--- START ---
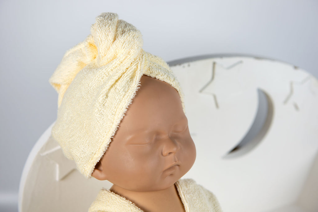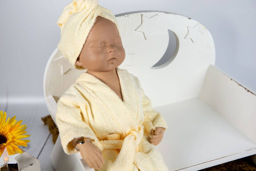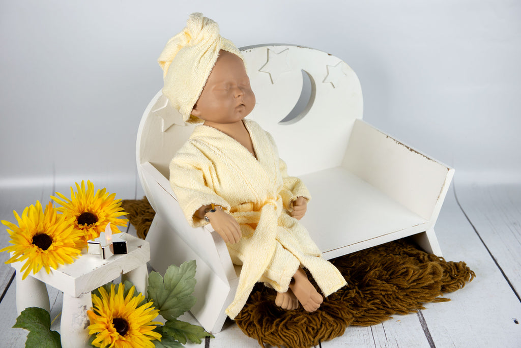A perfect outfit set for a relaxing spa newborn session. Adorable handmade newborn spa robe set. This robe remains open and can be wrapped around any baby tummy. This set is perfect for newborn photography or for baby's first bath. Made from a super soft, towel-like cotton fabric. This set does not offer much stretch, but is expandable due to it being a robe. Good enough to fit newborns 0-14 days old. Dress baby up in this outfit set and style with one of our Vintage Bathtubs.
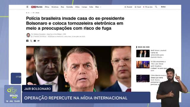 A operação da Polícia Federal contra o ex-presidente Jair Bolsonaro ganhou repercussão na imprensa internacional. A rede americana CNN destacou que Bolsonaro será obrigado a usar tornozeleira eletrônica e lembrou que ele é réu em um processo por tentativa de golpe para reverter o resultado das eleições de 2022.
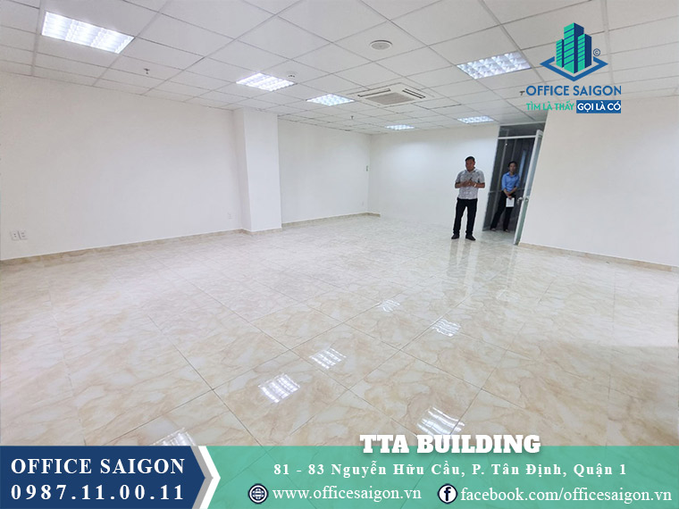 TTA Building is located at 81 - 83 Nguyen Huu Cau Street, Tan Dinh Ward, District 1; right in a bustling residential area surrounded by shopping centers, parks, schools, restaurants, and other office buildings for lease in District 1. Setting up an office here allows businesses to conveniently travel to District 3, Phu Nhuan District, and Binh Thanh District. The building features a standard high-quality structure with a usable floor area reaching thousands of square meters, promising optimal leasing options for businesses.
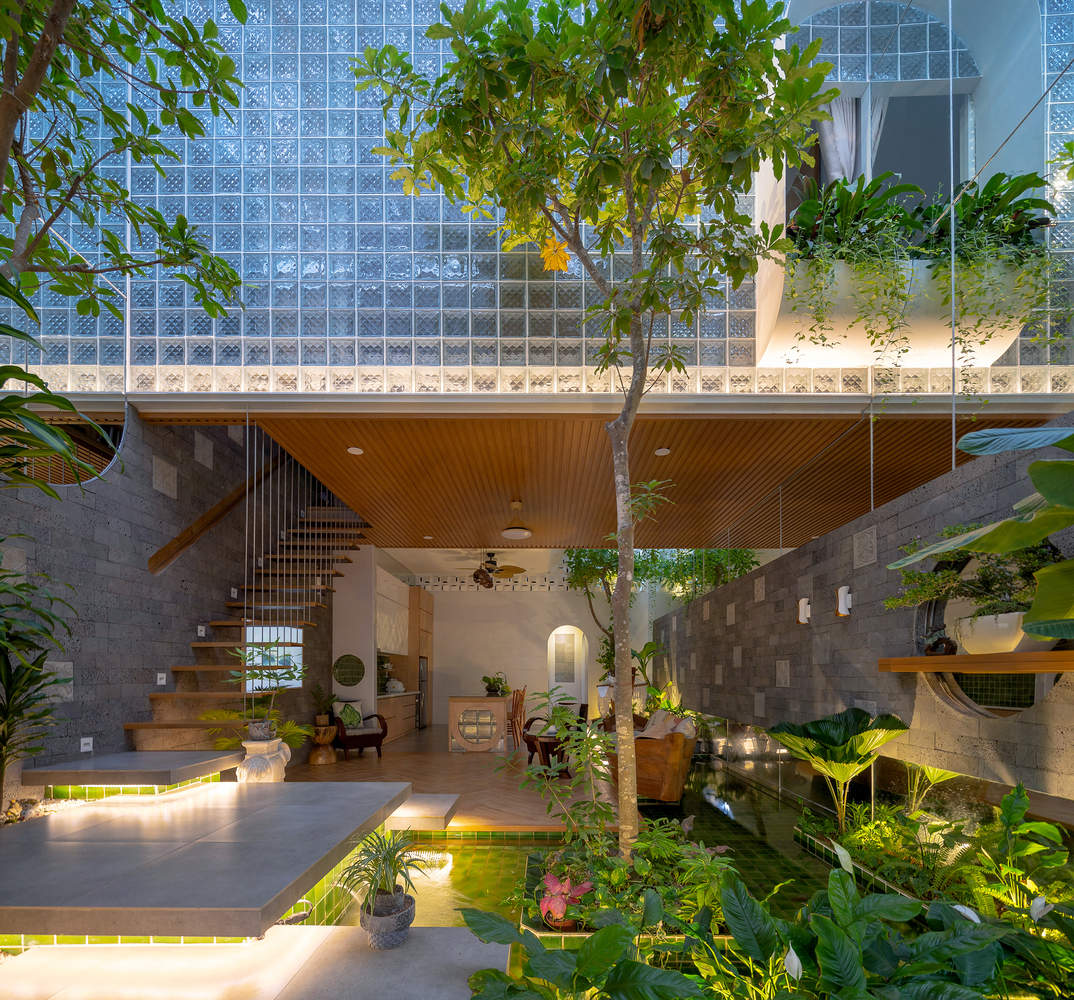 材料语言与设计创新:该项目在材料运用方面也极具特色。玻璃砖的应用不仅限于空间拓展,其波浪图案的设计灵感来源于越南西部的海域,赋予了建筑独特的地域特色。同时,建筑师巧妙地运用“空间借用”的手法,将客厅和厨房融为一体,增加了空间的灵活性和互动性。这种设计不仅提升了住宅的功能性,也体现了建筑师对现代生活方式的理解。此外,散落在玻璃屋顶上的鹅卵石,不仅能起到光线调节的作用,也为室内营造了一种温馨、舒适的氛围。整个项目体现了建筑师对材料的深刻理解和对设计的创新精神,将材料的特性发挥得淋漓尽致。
--- END ---
ASSIGNMENT: Ending at the line with "TTA Building is", reproduce exactly the lines that begin at the top of the data, and include no pictures.

RESPONSE TO THIS TASK:
A perfect outfit set for a relaxing spa newborn session. Adorable handmade newborn spa robe set. This robe remains open and can be wrapped around any baby tummy. This set is perfect for newborn photography or for baby's first bath. Made from a super soft, towel-like cotton fabric. This set does not offer much stretch, but is expandable due to it being a robe. Good enough to fit newborns 0-14 days old. Dress baby up in this outfit set and style with one of our Vintage Bathtubs.
 A operação da Polícia Federal contra o ex-presidente Jair Bolsonaro ganhou repercussão na imprensa internacional. A rede americana CNN destacou que Bolsonaro será obrigado a usar tornozeleira eletrônica e lembrou que ele é réu em um processo por tentativa de golpe para reverter o resultado das eleições de 2022.
 TTA Building is located at 81 - 83 Nguyen Huu Cau Street, Tan Dinh Ward, District 1; right in a bustling residential area surrounded by shopping centers, parks, schools, restaurants, and other office buildings for lease in District 1. Setting up an office here allows businesses to conveniently travel to District 3, Phu Nhuan District, and Binh Thanh District. The building features a standard high-quality structure with a usable floor area reaching thousands of square meters, promising optimal leasing options for businesses.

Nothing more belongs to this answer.